START Stored data
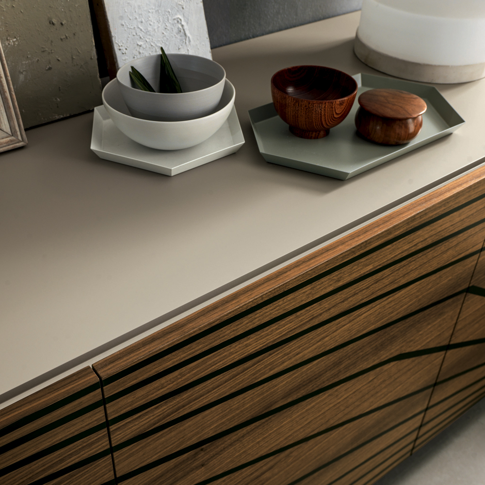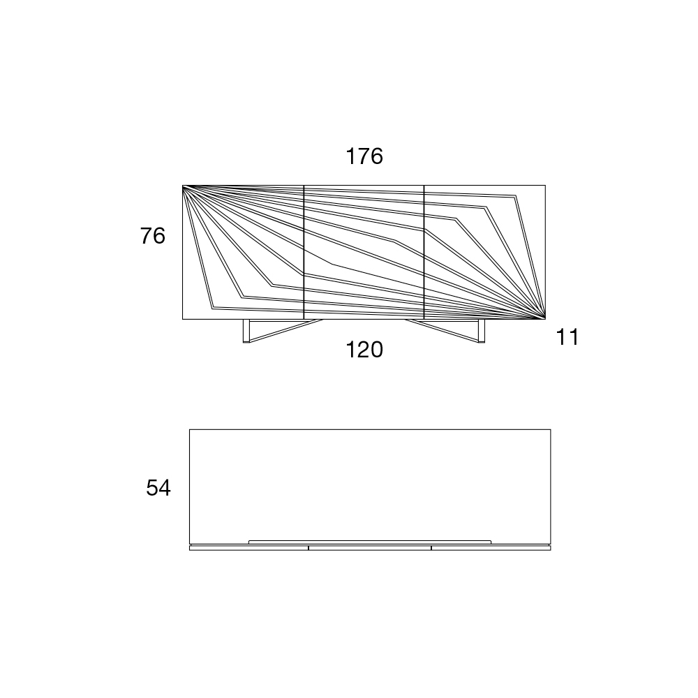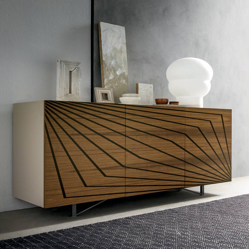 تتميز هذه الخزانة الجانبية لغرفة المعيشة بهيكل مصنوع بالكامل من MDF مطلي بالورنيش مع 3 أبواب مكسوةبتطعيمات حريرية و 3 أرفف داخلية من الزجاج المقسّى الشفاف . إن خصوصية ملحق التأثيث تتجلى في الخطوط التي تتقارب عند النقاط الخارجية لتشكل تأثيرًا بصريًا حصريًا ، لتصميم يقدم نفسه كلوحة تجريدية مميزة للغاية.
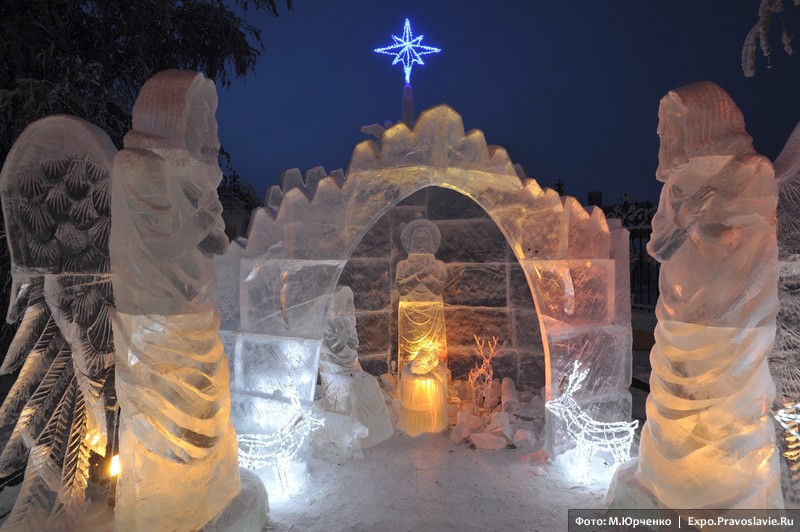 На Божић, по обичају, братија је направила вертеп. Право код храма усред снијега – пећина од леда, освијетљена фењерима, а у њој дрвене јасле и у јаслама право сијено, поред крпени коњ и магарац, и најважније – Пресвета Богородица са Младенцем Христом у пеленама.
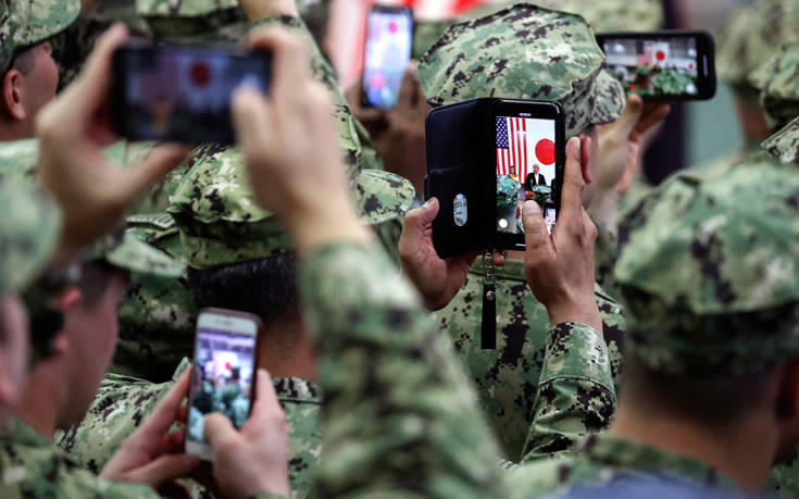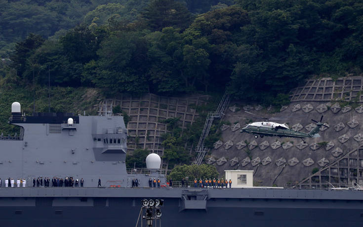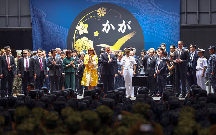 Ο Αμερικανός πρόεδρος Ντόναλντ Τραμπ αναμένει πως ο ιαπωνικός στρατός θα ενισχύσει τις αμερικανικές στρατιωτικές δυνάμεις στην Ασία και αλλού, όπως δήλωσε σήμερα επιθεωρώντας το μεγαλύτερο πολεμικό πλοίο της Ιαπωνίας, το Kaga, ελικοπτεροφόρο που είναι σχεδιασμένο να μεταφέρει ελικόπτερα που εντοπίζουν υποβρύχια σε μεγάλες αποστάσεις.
END Stored data
Exercise prompt:
Would you output, word for word, only the lines running from the line with "На Божић, по" to the end of the listing above, both ends included, with no pictures?

Answer section:
 На Божић, по обичају, братија је направила вертеп. Право код храма усред снијега – пећина од леда, освијетљена фењерима, а у њој дрвене јасле и у јаслама право сијено, поред крпени коњ и магарац, и најважније – Пресвета Богородица са Младенцем Христом у пеленама.
 Ο Αμερικανός πρόεδρος Ντόναλντ Τραμπ αναμένει πως ο ιαπωνικός στρατός θα ενισχύσει τις αμερικανικές στρατιωτικές δυνάμεις στην Ασία και αλλού, όπως δήλωσε σήμερα επιθεωρώντας το μεγαλύτερο πολεμικό πλοίο της Ιαπωνίας, το Kaga, ελικοπτεροφόρο που είναι σχεδιασμένο να μεταφέρει ελικόπτερα που εντοπίζουν υποβρύχια σε μεγάλες αποστάσεις.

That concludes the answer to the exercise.